EXTRACTED MATERIAL:
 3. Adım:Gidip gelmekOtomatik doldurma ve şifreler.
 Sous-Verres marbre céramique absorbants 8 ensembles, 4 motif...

...

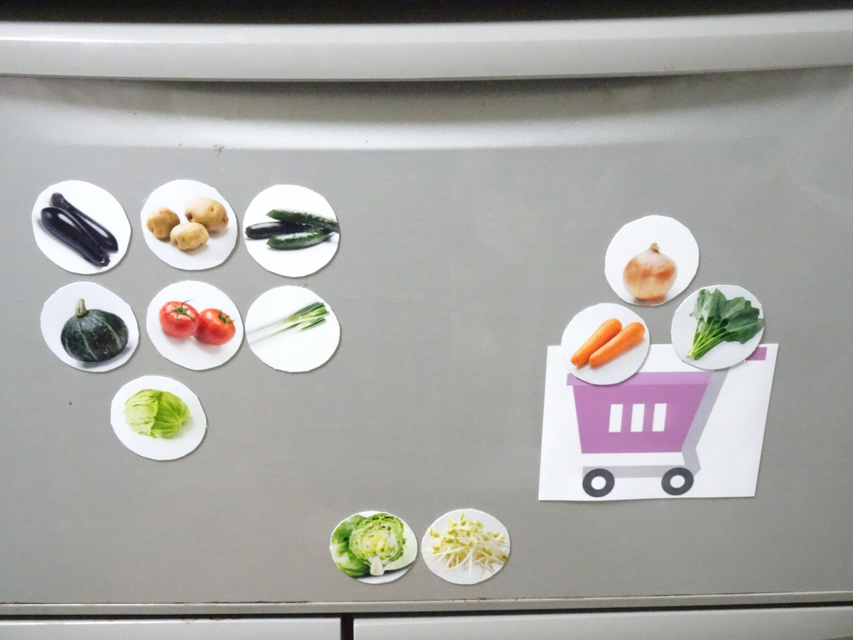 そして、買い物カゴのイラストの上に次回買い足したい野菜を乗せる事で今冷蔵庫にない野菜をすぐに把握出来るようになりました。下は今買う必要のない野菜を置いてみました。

WORK TO COMPLETE: Please reproduce exactly the lines in the listing above from the one containing "3. Adım:Gidip gelmekOtomatik" through the one containing "Sous-Verres marbre céramique", both included, and nothing more.

SOLUTION FOR THIS EXERCISE:
 3. Adım:Gidip gelmekOtomatik doldurma ve şifreler.
 Sous-Verres marbre céramique absorbants 8 ensembles, 4 motif...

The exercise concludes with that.